Discussion in 'Support Subforum' started by eskimoeskimo, Feb 6, 2017.

  1. eskimoeskimo

    eskimoeskimo Well known member

    Journaling today, I realized something that I already kind of knew, but now seems more obvious than ever before. My long string of symptoms started during a painful breakup. I think I've been somewhat reluctant to acknowledge how painful it was, because it's a little embarrassing to admit that the end of a high school relationship at age 17 could have messed me up so much. But during that breakup is when various self-image / body-image obsessions and insecurities started, then anxiety, then depression, then stomach pain, then testicular and perineum pain, then upper back pain for 4-5 years, which changed to neck pain for the last 3-4 years. Now I'm totally consumed by neck pain.

    I remember the first time I journaled honestly about this breakup subject, the pain greatly diminished and I felt more confident and empowered ... lighter. I then went out with a friend and watched a movie pain-free. Then there was also one time speaking to a therapist about this breakup when the pain also greatly diminished.
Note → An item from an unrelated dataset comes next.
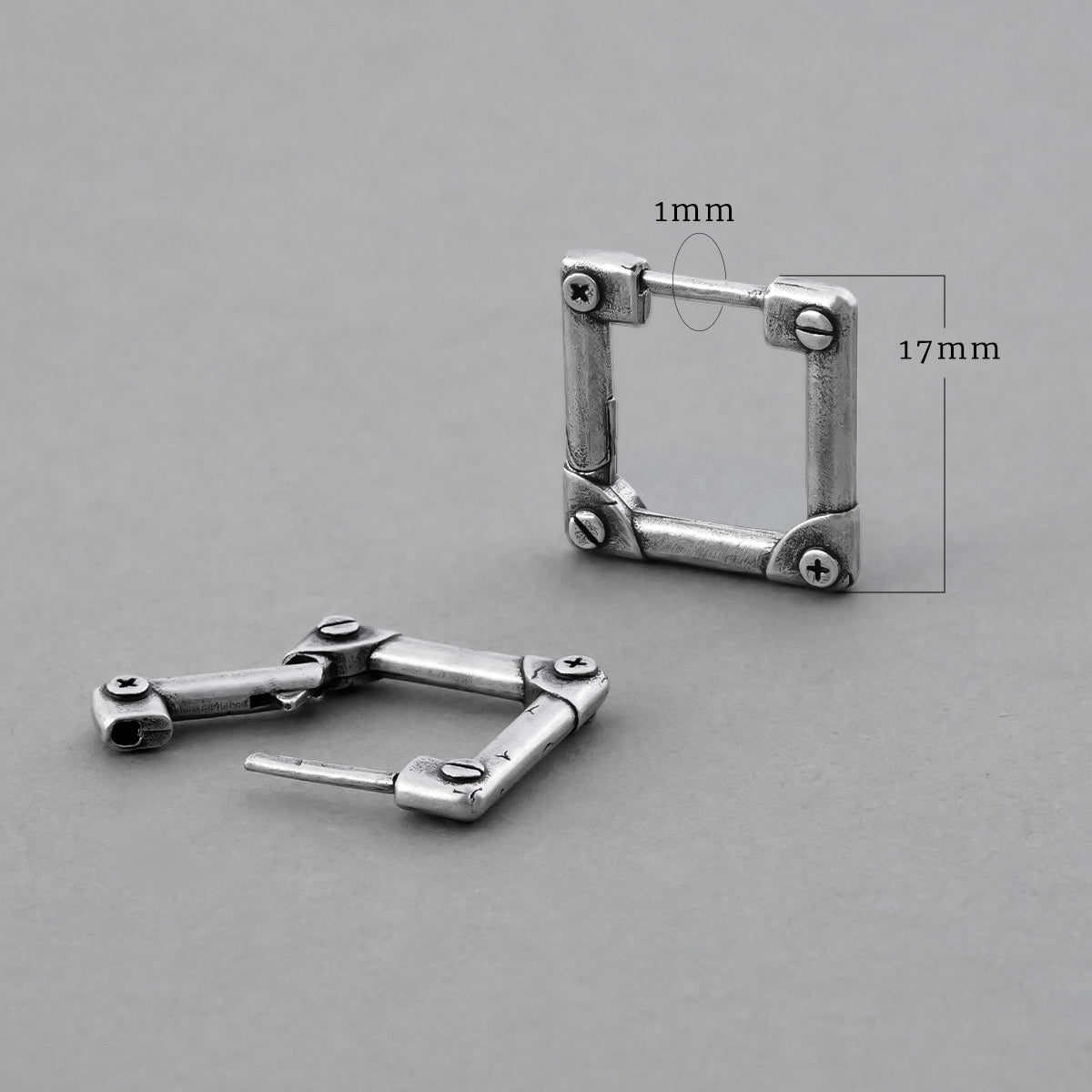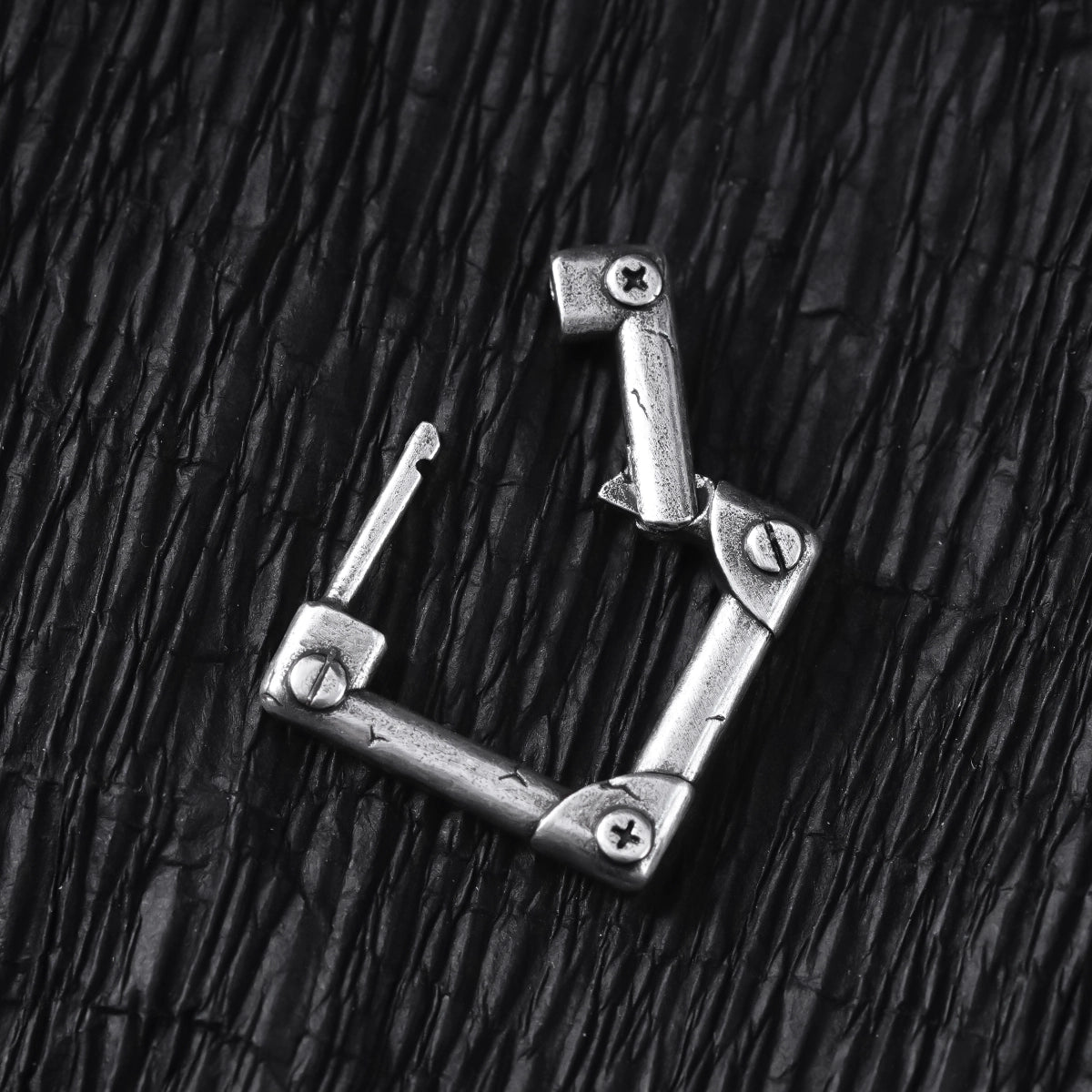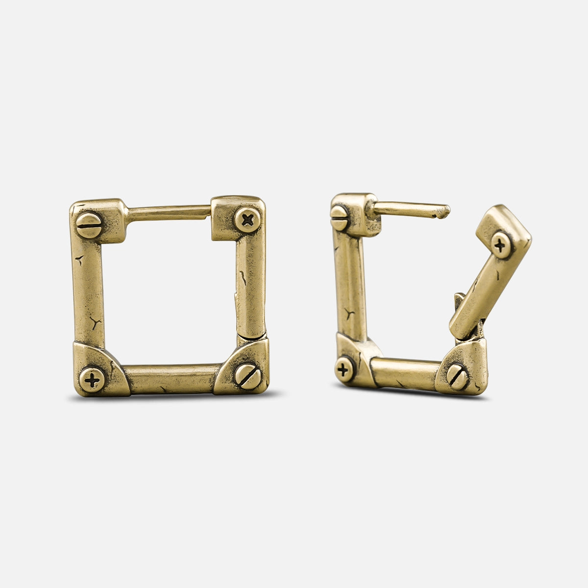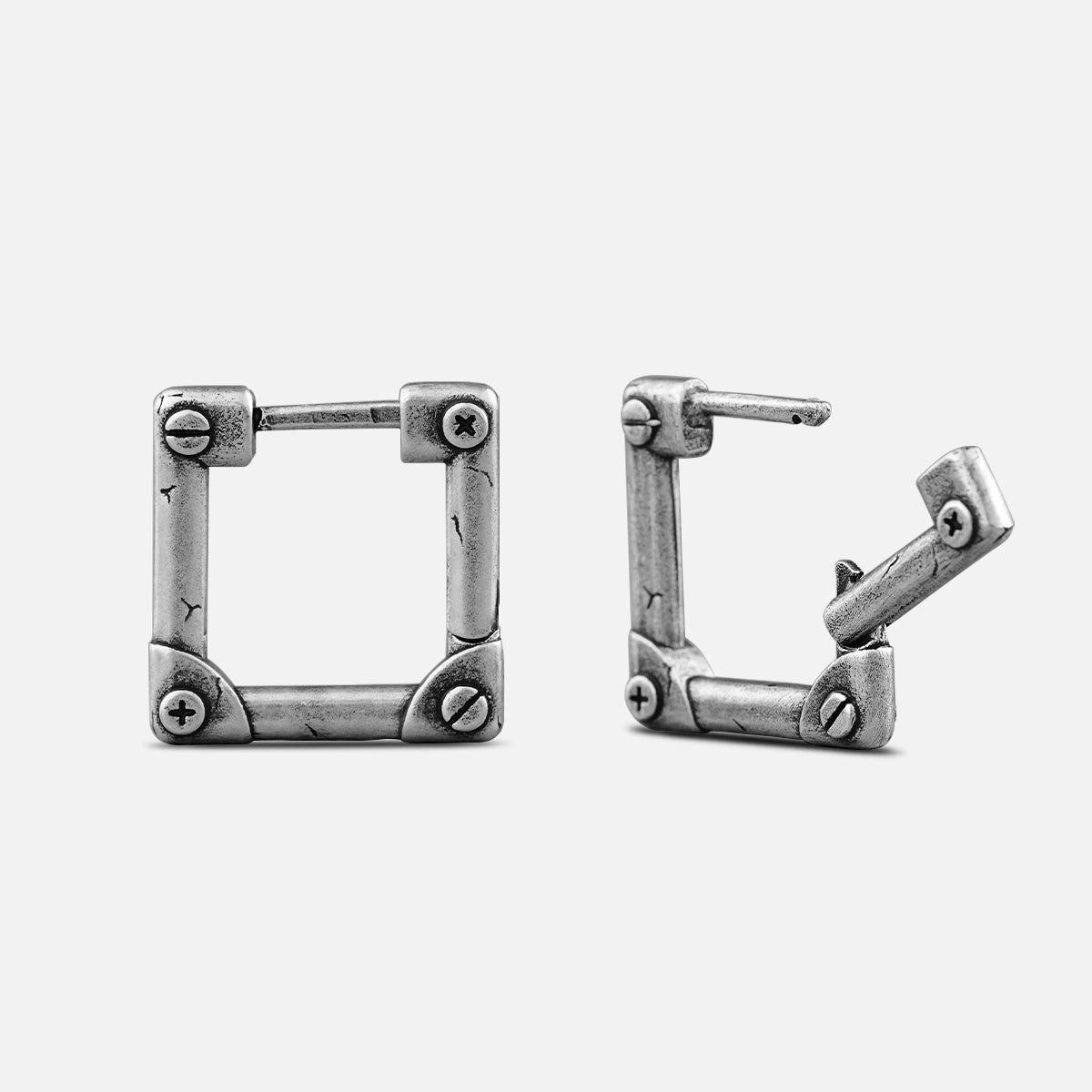 The design features an industrial style with a bold, mechanical hinge-like structure. This item is sold as a pair.

    The thing, I'm not sure how else to process this issue. I've journaled about it many, many times. I feel like, consciously at least, I'm over it. When journaling, I can tap some of that old hurt and get it out. But, except for that first time (which was years ago), it doesn't bring any pain relief. Even today, the journaling felt clarifying, like I could see the situation more clearly. But it didn't alter the pain at all.

    Has anyone else had this experience and have some tips for how to proceed? I thought this was the kind of realization / insight that should render the pain useless. I'm tapping right into the rage and not holding back, but the pain won't budge.

    Thanks
    Eskimo
     
  2. Ellen

    Ellen Beloved Grand Eagle

    Hi Eskimo,
    I'm glad you've had an insight that you are able to tie to pain relief. And I'm glad you are still working on TMS strategies despite your frustration with continued TMS pain.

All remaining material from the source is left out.